Ксилофон из бутылок, на котором играет ветер, звучит на первом этаже, потому что сделанная из досок кровать Алека, его стол, кресло и пишущая машинка подняты в бывшую комнату его матери, из окон которой и с маленького ее балкончика открывается вид на море и прибрежную полосу. Он ничего не пишет, ничего мне не диктует. Пишущая машинка покрывается пылью. Книги, которые по его просьбе Боаз купил в Зихроне, стоят на полке, выстроенные по росту, но Алек не прикасается к ним. Он довольствуется историями, которые я ему рассказываю. Только словарь иврита да книга по грамматике лежат открытыми у него на столе. Ибо в часы прояснений, в полдень, случается, что Боаз поднимается к нам: Алек обучает его правописанию и основам синтаксиса. Они напоминают мне Пятницу и Робинзона Крузо.
Выходя, Боаз слегка пригибается в дверях, словно удостаивает нас двоих поклоном. Алек берет свою палку и начинает мерять комнату своими монотонными шагами. Сандалии из автопокрышки с веревочками, сделанные для него Боазом, издают такой звук, будто он топчется на месте. Бывает, что он останавливается, осматривается с удивлением, в зубах у него – погасшая трубка, и, наклонившись, он поправляет положение кресла относительно стола. Аккуратно расправляет складки на своем одеяле. Столь же сурово относится он и к моему одеялу. Снимает мое платье с крючка у двери и перевешивает его в ящик, которьш служит нам платяным шкафом. Чуть сутулый, лысеющий человек, кожа его истончилась, всем своим обликом он напоминает сельского пастора из Скандинавии. В лице его – странное сочетание отрешенности, глубоких раздумий и иронии. Плечи его опущены, спина костлява, и в ней ощущаются твердость и упорство. Только серые его глаза кажутся мне затянутыми облаками, угасшими, словно у закоренелого пьяницы. В четыре я поднимаюсь к нему с чаем из трав, свежей, прямо из печи лепешкой и небольшим количеством козьего сыра, которьш я сделала своими руками. И на том же подносе – чашка кофе для меня. В большинстве случаев мы пьем молча. Но однажды он произнес без вопросительного знака в конце фразы:
– Илана. Что ты делаешь здесь.
И ответил вместо меня:
– Тлеющие угли. Но ведь нет тлеющих углей.
И следом:
– Карфаген разрушен. Ну и что из того, что разрушен. А если бы не был разрушен – что было бы? Беда совсем в другом. Беда в том, что здесь нет света. Куда ни двинься – на что-нибудь наткнешься.
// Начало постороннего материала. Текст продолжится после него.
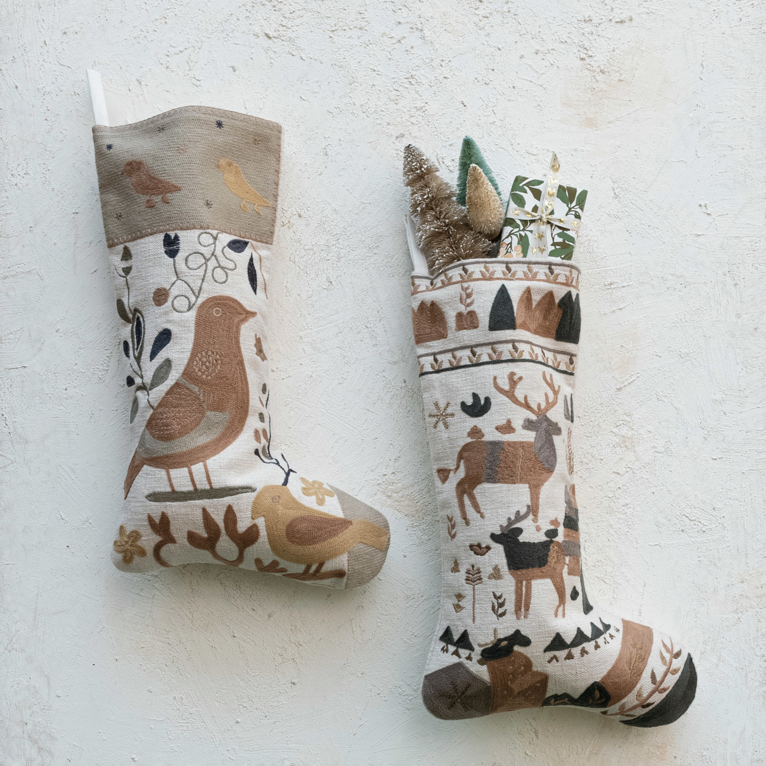 Catalog Name: 20"H Cotton & Linen Stocking w/ Embroidered Birds/Reindeer, Multi Color, 2 Styles

На дне его чемодана я нашла пистолет. Отдала его Боазу, приказав запрятать подальше.
Осталось уже недолго. Скоро зима. Когда придут большие дожди, необходимо будет разобрать и спустить с крыши телескоп. Боазу придется отказаться от своих одиноких прогулок но Кармелю. Теперь у него не будет больше возможности исчезать на три-четыре дня, прочесывать поросшие лесом ущелья, исследовать заброшенные пещеры, спугивать ночных птиц из их гнезд, пропадать в зарослях кустарников. Не удастся ему спускаться к морю, чтобы поплавать на своем плоту, сделанном без единого гвоздя. Он убегает? Преследует кого-то? Ждет вдохновения от звезд? Рыщет в безлюдных просторах косноязычный гигант-сирота – в поисках утраченного лона, магически притягивающего его…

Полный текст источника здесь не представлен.